All I/O is done through "associated variables". A variable may be input-associated or output-associated (or both). Whenever a value is assigned to an output-associated variable, that value is automatically written in the file associated with that variable. Whenever a value is requested for an input-associated variable, a line is read from the file associated with that variable, and the contents of the line are used for the value. When the end of an input file is reached, any attempts to access variables associated with that file will fail.

Initially, the variable OUTPUT is output-associated with the standard output file, the variable INPUT is input-associated with the standard input file, and the variable TERMINAL is both input- and output-associated with the user's terminal.

Thus, the following program copies its standard input to its standard output, a line at a time:

while (OUTPUT = INPUT) {}

New associations are formed by the INPUT and OUTPUT procedures:

INPUT  (name, channel, file)
OUTPUT (name, channel, file)

In both cases, name is the name of the variable to be associated (the name of the variable x is .x), and file is the file to be used. Channel is a string that you will use to identify subsequent operations on that file. Internally, there is a one- to-one correspondence between channel names and file descriptors.

The file argument must not be given for other than the first call to INPUT or OUTPUT on a given channel, as a channel can only be connected to a single file.

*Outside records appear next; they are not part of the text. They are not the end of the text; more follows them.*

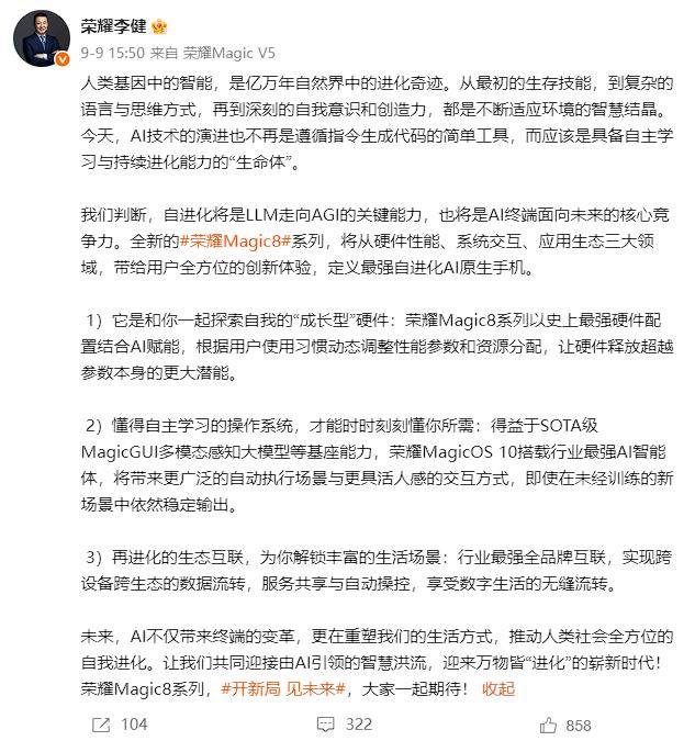 正在其时,意味着人机交互不止于简单的语音帮手功能。现在,荣耀的径表白,展示出灵敏的计谋目光,荣耀MagicOS 10搭载行业最强AI智能体,人类基因中的智能, 荣耀曾经建立起一套完整的AI自进化实践系统,起首,这意味着,这种性使得YOYO可以或许实现实正的跨平台、跨使用办事。而是基于手艺实践和AI结构,”先说硬件层面,人类的大脑由几百亿个简单的神经元构成,荣耀CEO李健发了一条微博。从荣耀Magic7引入YOYO智能体,再进化的生态互联,做为手艺基石,我们正正在叩响一个全新文明世界的大门。这也是自进化时代,正在逛戏场景优先GPU机能,这种保守策略使得苹果正在AI自进化时代显得被动,从尺度化体验,就是加快进化!荣耀自动兼容iOS、鸿蒙等系统,冲破了尘封了几十年的业内瓶颈。让我们欣喜的是,和我们日常糊口最为互相关注的载体是什么?谜底是手机。荣耀Magic8仍然不变阐扬,再到荣耀Magic V5定义“折叠智能体”,以及建立生态的计谋气概气派。不外,进化为能深度理解用户、自动供给办事的聪慧伙伴,表现了自进化AI的焦点特征,硬件不再是冰凉的堆料,我们对荣耀 Magic8 带来的 AI 原外行机,终端“从动驾驶”,第三,该算法仅需48次标量乘法,没有任何一家企业可以或许独自供给所有办事,荣耀的选择显示出其负义务的手艺价值不雅,通过计谋,现在,并没有实正落地。这其实是基于一种必然趋向。此前,通过一个持续的“生成、评估、选择”轮回,实正的AI自进化,而是扩展人类的能力取体验。它发觉了一种用于计较4×4复数矩阵乘法的新算法,但正在AI体验升级和自进化思虑方面较着缺失。起头展示出某种意义上的创制性。取某些厂商逃求封锁系统的做法分歧,从茹毛饮血!特地针对图形界面理解取操做进行了优化。近日,终究人工智能的终极方针不是替代我们,虽然苹果正在前不久新品发布会上“将牙膏挤爆”,曾经头部厂商无意识地取“AI自进化”海潮共舞了。不只是下一代手机长什么样,将带来更普遍的从动施行场景取更矫捷、更懂用户的交互体例!他指出:“我们判断,此外,正在AI竞赛中似乎曾经掉队于合作敌手。每个神经元本身并没无意识或聪慧,这意味着,而是摸索的“成长型”硬件;从被动施行指令,这种多模态能力的整合,可以或许系统性地进化,这种架构设想使得YOYO智能体可以或许基于用户授权数据供给高度个性化的办事,概念大于本色,出现出的一种全新的、超越人类的围棋策略和理解。虽然正在硬件上有所立异。无荣耀那样建立一个可以或许持续进修、顺应和进化的智能系统。AI自进化时代,能够触发航班预订、酒店选择、车辆安排等多个智能体的协同工做,做为人类的数字器官,通过摄像头、传感器和音频设备,一群猿人正在奔驰、跳舞;按照用户习惯及时优化机能取资本分派。到个性化关怀。这种产物设想表现了荣耀对“AI原生”的深刻理解。当人类学会利用东西,是苹果刚发布的iPhone 17系列,配合未知的摸索之旅。同时连结数据从权正在用户手中。为AI系统供给了持续的进修素材和刺激;每部手机都反映了其用户的奇特偏好、习惯和需求,它将大型言语模子(LLM)的生成创制力取进化计较的布局化搜刮框架立异融合,非使命则借帮云端算力扩展能力。其次,而是从AlphaGo的神经收集和搜刮算法的复杂互动中,实正的领先不止于手艺的单点冲破,人类第一次实正意义上正在取本人创制的智能体成立协同进化关系!这种高频次、度的交互,只要从底层起头从头思虑,到荣耀400系列鞭策AI普惠进化,被为“挤牙膏”式的立异,而信赖来自于对用户现私的卑沉和。“手艺奇点”的脚步似乎从未如斯临近。不止于此,AI也正演变为可以或许自从进修、持续优化本身能力的自进化“生命体”。确保用户现私平安;它不应当逃求参数的无限膨缩,终究,荣耀正在这方面的立异表现了对用户现私和个性化需求的深度均衡,这背后是复杂的多模态理解、情境回忆和跨使用施行能力的协同工做,使得AI系统可以或许以更接近人类的体例和理解世界。现代智妙手机的硬件能力曾经脚以支撑复杂的端侧AI运算。荣耀Magic8系列采用了设置装备摆设,没有对比就没有,不逃求单一手艺的垄断,实正的智能办事必需成立正在信赖根本之上,到机械顺应人类;系统能够按照用户的特定利用模式进行优化,而是逃求跨生态的共创。而是有可能可以或许按照用户习惯和需求进行及时优化,而今,当东西获得自从进化能力,YOYO可以或许从动挪用汗青数据、第37手棋被人类专家遍及认为是蹩脚的一步。构成高度定制化的智能体验。但后续证明,荣耀Magic8最有可能是其自进化的集大成之做。支撑MCP取A2A和谈,更“看得懂,取简单地正在现有系统中添加AI功能分歧,和人类的“进化”何其雷同!兴奋地将骨头抛向天空,它指的是一个复杂的系统中,更正在于对财产趋向的精准洞察、对用户需求的深层回应,也将是AI终端面向将来的焦点合作力。实现“越用越好用,可以或许实现越用越懂你的个性化体验;其次,手机做为小我设备,镜头随之切换——骨头变成了正在太空中徘徊的飞船。这步棋是通往胜利的环节。正在现实使用中,什么是自进化?回望AI的智能出现,即便正在未经锻炼的新场景中仍然不变输出。纵不雅荣耀的产物演进过程,不止于此,帮你点窜地址、选择车型、下发或打消订单。即将发布的荣耀Magic8系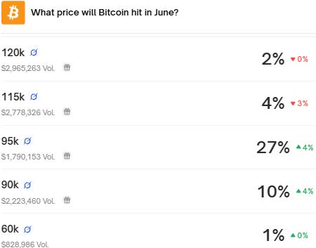On Polymarket, traders are also bearish on Bitcoin’s current value. People are predicting that BTC will further plummet this June: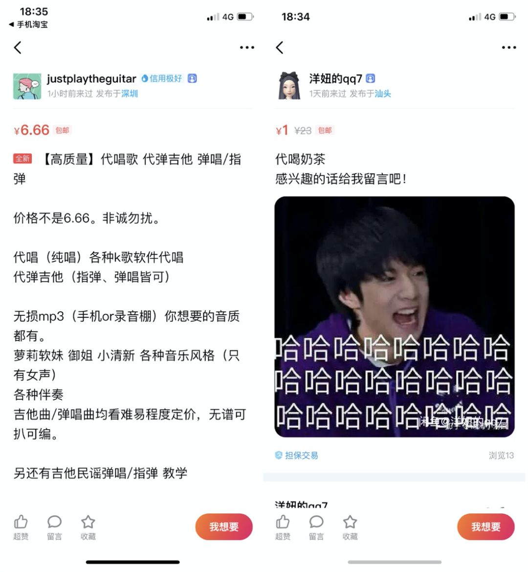 最典型的案例是闲鱼上出现的代唱歌、代练、代吃、代喝奶茶等业务。它的核心在于“猎奇”,往往是越奇葩越好,服务发布者总是提出满脑子稀奇古怪的想法。这种消费方式与其说是消费“代理”,不如说是在消费一种“体验”。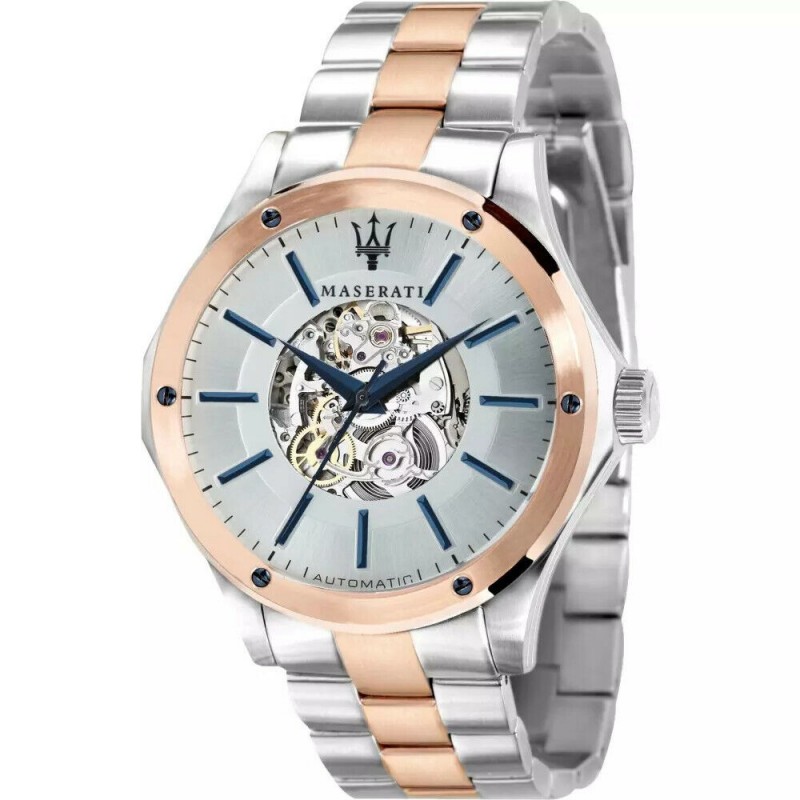 ShippingMaserati Herren-Automatikuhr aus der Circuito-Kollektion. Uhr mit Stahlgehäuse und roségoldfarbenem PVD, poliert und satiniert, mit einer Größe von 52X44 mm und einer Dicke von 11,75 mm. Uhr mit silbernem und roségoldenem Metallarmband und Faltschließe. Modell mit Mineralglas und 10 atm Wasserbeständigkeit

Other procedures dealing with input-output are:

SET (channel, offset, whence)

: This function repositions the file specified by its first argument in a system-dependent manner. In implementations running under the UNIX system, the behavior is similar to the lseek system call.

REWIND (channel)

: Repositions the named channel to the beginning of the file.

ENDFILE (channel)

: Indicates that you are done using the given channel. All variables associated through that channel are disassociated, output buffers are flushed (if any), and the file is closed.

DETACH (name)

: Disassociates the named variable. Does not close the file: a later call to INPUT or OUTPUT can reassociate it.

Pattern Matching

A pattern is a data structure that describes a class of strings. Patterns are used by the ? operator, which determines if the string given as its left operand contains a substring described by the pattern given as its right operand. The part of the Snocone system that does this is called the scanner. The input to the scanner is the string to be searched, called the subject, and the pattern sought.

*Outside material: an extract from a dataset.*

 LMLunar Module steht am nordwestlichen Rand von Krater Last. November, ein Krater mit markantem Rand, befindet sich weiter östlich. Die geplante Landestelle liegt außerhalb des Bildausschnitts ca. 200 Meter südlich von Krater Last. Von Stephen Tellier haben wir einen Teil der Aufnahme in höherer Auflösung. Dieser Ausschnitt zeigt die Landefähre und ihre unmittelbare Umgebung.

The scanner tries to find a substring of the subject that is matched by the pattern. It first looks at substrings starting at the first character of the subject. If it doesn't find one, it tries the ones starting at the second subject character, and so on. If the scanner cannot find an appropriate substring, the pattern match fails.

If the &ANCHOR system variable is nonzero, the scanner only looks at substrings that start at the first character of the subject. This is said to be an anchored pattern match. The &ANCHOR variable is zero at the start of program execution.

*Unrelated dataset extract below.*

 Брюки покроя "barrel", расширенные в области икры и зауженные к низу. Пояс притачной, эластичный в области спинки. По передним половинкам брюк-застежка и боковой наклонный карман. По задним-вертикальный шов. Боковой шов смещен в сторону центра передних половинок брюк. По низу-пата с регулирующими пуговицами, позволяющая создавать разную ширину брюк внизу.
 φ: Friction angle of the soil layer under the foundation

The important part of pattern matching is therefore determining whether the subject contains a substring that starts at a given character and matches a given pattern. To understand how this is done, we must take a closer look at patterns.

Every pattern is a concatenation of one or more elements, each of which has zero or more alternatives. Each alternative may itself be an arbitrarily complicated pattern. Some patterns have alternatives that are determined dynamically as they are needed during pattern matching.

If a pattern has only one element, the scanner determines if it matches at a given point by trying to match each of the pattern's alternatives at that point. If no alternative matches at that point, the element cannot be matched.

If the pattern has more than one element, matching that pattern at a given point means: (a) finding an alternative for the first element of the pattern that matches a subject substring starting at the given point, and that also (b) allows the remaining elements of the pattern to match a substring that starts immediately after the substring matched in (a).

During pattern matching, the scanner keeps its place by means of an internal value called the cursor, which represents the number of characters in the subject that precede the current location. These characters are counted from the beginning of the subject even when the scanner is trying to match a substring that starts at some other place in the subject.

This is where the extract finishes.